Poulomi Desai is a British photographer, multi-media artist, curator and community worker.[1] A self-taught outsider artist originally inspired by a street theatre background, her works are performative, textual, image based, and acoustic. She works with collaborative working processes which evolve through research, learning and action to examine the elusive, creating large scale photographs, performances and outdoor sound installations.

Life

Desai was born in Hackney,[1] but moved to Harrow aged ten. At the age of 13, she helped to found Hounslow Arts Cooperative Theatre. Finding her Harrow school a culture shock, she left school at sixteen.[2] She co-founded the first South Asian LGBTTQ campaigning organisation, Shakti, in 1987 and also co-founded the first HIV / AIDs charity in India, the Naz Foundation International in 1991. From 1994 to 1996 she was a resident performer at the Watermans Arts Centre, with the regular 'One Nation under a Groove' comedy nights. She had a role in Parv Bancil's satirical farce Papa Was a Bus Conductor, and toured with The Dead Jalebis, a spoof rock band, and the Sycophantic Sponge Bunch, a comedy trio.[1]

In 2000 she created a sound installation for the Mead Gallery, and was a creative producer for 'Open', a showcase of digital art by young people funded by the Arts Council of England.[1] Commissions and exhibitions include The Serpentine Gallery, London, The Science Museum, London, The Queens Museum, New York, The Oxford Gallery, Kolkatta, and The Photographers Gallery, London. In 2010, she set up the Usurp Art Gallery and Studios, the first and only artist-led creative space and studios in the London Borough of Harrow.[3] She was commissioned by the Google Cultural Institute and Sound and Music in 2015 to curate an exhibition for International Women's Day.[4] In 2017, she curated We are the Lions, the first comprehensive exhibition on the 1978-78 Grunwick strike.[5][6]

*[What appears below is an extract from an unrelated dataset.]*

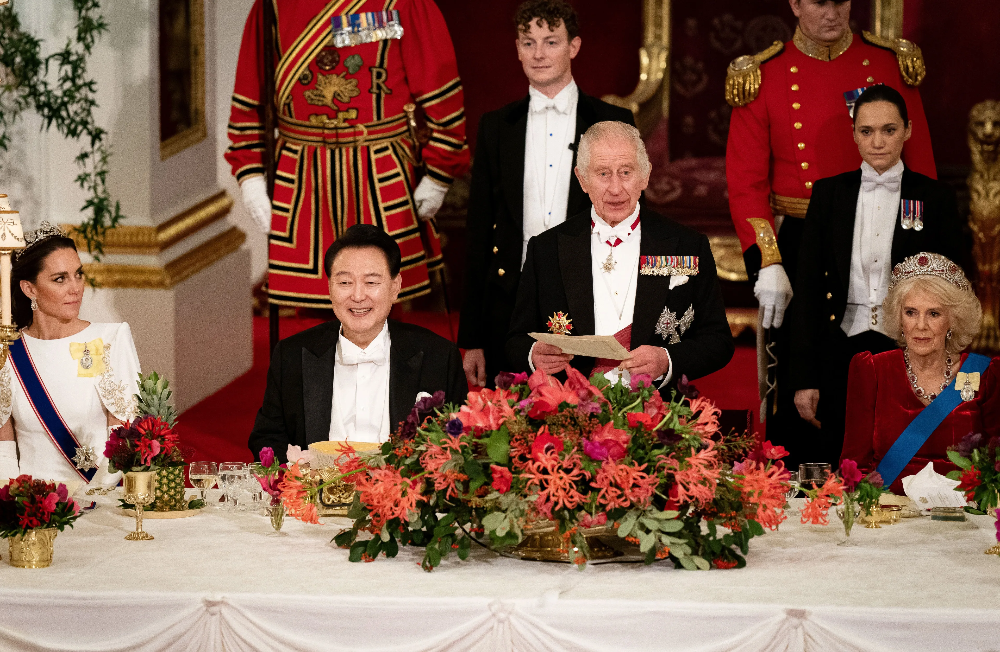 De eerste dag van het staatsbezoek van president Yoon Suk-yeol aan het Verenigd Koninkrijk werd traditiegetrouw afgesloten. Op Buckingham Palace in Londen ontving koning Charles zijn gasten voor een staatsbanket. Dat hoefde hij niet alleen te doen, want ook koningin Camilla, prins William en zijn vrouw Catherine waren bij het diner aanwezig. Evenals prinses Anne en Sophie, de echtgenote van prins Edward.

Desai is a Leverhulme Research Fellow at Heritage Quay Archives and the British Music Collection.[7] She has written for Creative Camera, Dazed and Confused, the British Journal of Photography, The Guardian, and the New York Times.

Works

  • Red threads: the South Asian queer connection in photographs. London: Millivres Prowler, 2003.
  • Out of Place. Raw Nerve Books
  • Different. Phaidon.

References

  1. Alison Donnell (2002). "Desai, Polomi". In Alison Donnell (ed.). Companion to Contemporary Black British Culture. Routledge. p. 95. ISBN 978-1-134-70025-7.
  2. Dakin, Melanie (April 19, 2010). "Hair exhibition opens in West Harrow". Waterford Observer. Retrieved June 5, 2012.
  3. Ian Proctor, New art gallery for West Harrow, MyLondon, 15 February 2010. Accessed 26 November 2020.
  4. "International Women's Day - Google Arts & Culture". Google Cultural Institute. Retrieved 2017-03-30.
  5. Aaditya Kaza and Anand Pillai, Grunwick Strike: Short Jayaben stood tall among titans, Asian Voice, 29 October 2016. Accessed 26 November 2020.
  6. "With Georgie Fame, John Simpson and Poulomi Desai, Robert Elms - BBC Radio London". BBC. Retrieved 2017-03-30.
  7. "December - University of Huddersfield". www.hud.ac.uk. Retrieved 2017-03-30.